The most abundant species of waterfowl in the world, snow geese or snows (Chen caerulescens), breed in the high arctic and spend winters in the eastern U.S., primarily along the Mississippi river and Atlantic coastal states. In our area, during both their fall and spring migration, snow geese tend to linger in the Adirondacks for a month or more, often times in huge flocks of thousands of birds. You are apt to hear them before sighting them. They sound like a huge throng of baying hounds moving slowly but steadily into your range of hearing, and then you may spot them flying way overhead. If they are close enough, you immediately recognize their snow white bodies and jet black wingtips. You can see them on Lake Champlain, the St. Lawrence River, and the large lakes and marshes in the Finger Lakes region. Point au Roche State Park is a great place to see them up close in the fall as the birds linger on Lake Champlain.
Strong, graceful fliers, snows come down to land by performing a falling leaf maneuver—all of a sudden they seem to lose their balance and start tumbling out of the sky. To watch a large flock of them tumble out of the blue can be pretty amusing. They rank as one of the noisiest birds, barking continually as they fly and vocalizing even as they feed.
You might notice a dark goose or two. Snow geese occur in white or blue colormorphs or forms which ornithologists considered different species until DNA evidence in 1983 confirmed them as one. They tend to mate with their respective colormorphs and they also segregate somewhat geographically, with most blues breeding and wintering in the middle of the continent and most whites in the east.

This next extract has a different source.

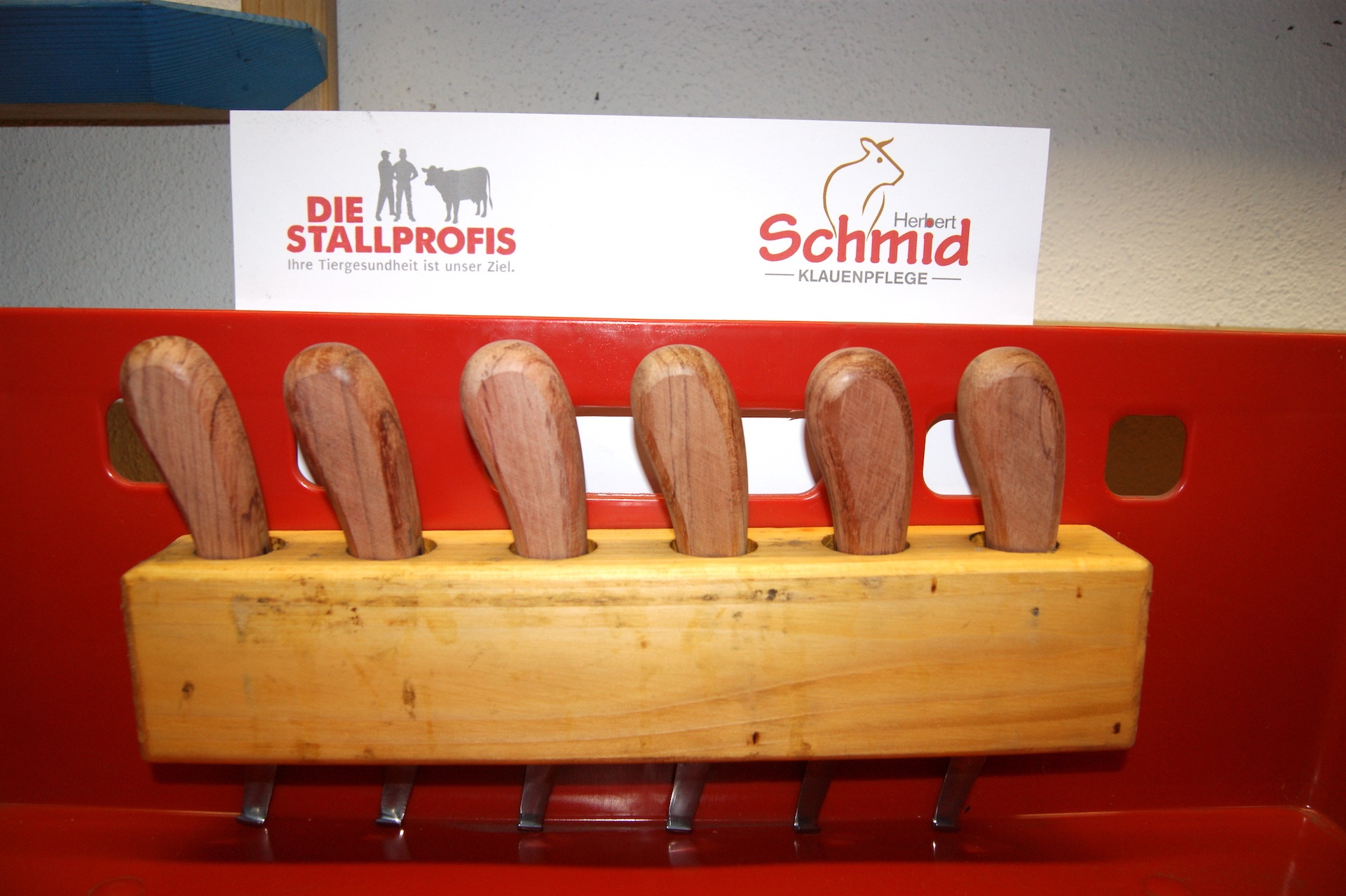 Wussten Sie eigentlich, dass selbst neue Messer den Anforderungen des routinierten Klauenpflegers nicht gerecht werden? Die Stallprofis schleifen neue Messer deshalb grundsätzlich nach. Gerne kann so ein wirklich scharfes Messer von ihnen käuflich erworben werden. Damit dieses auch dauerhaft scharf bleibt, schärfen wir stumpfe Messer.

Snows feed almost exclusively on plants, preferably in wet areas such as marshes, lakes, impoundments, and waterlogged soil. They eat everything from stems to leaves to rhizomes and tubers, and have a decided weakness for agricultural fields, which they work for waste grains and seeds. Their primary method of feeding involves grubbing for rhizomes, tubers and roots by pulling the entire stem of the plant from the soil, with the result that a large flocks can entirely denude an area of vegetation.
Snow geese mate for life and develop strong family bonds, with young birds staying with their parents until their second or third year. Snow geese populations in North America have increased exponentially and in some regions by as much as nine percent a year, which most ornithologists and wildlife managers consider unsustainable. Essentially victims of their own success, snow geese degrade the habitat in their nesting colonies by eliminating most plant matter and leaving only exposed peat or bare mineral soil, a situation that not only puts pressures on them but also on other species, such as semi-palmated sandpipers and red-necked phalaropes. But for now, this boom in the population makes for good chances to see snow geese. So get out and enjoy these beautiful birds. Enjoy the show.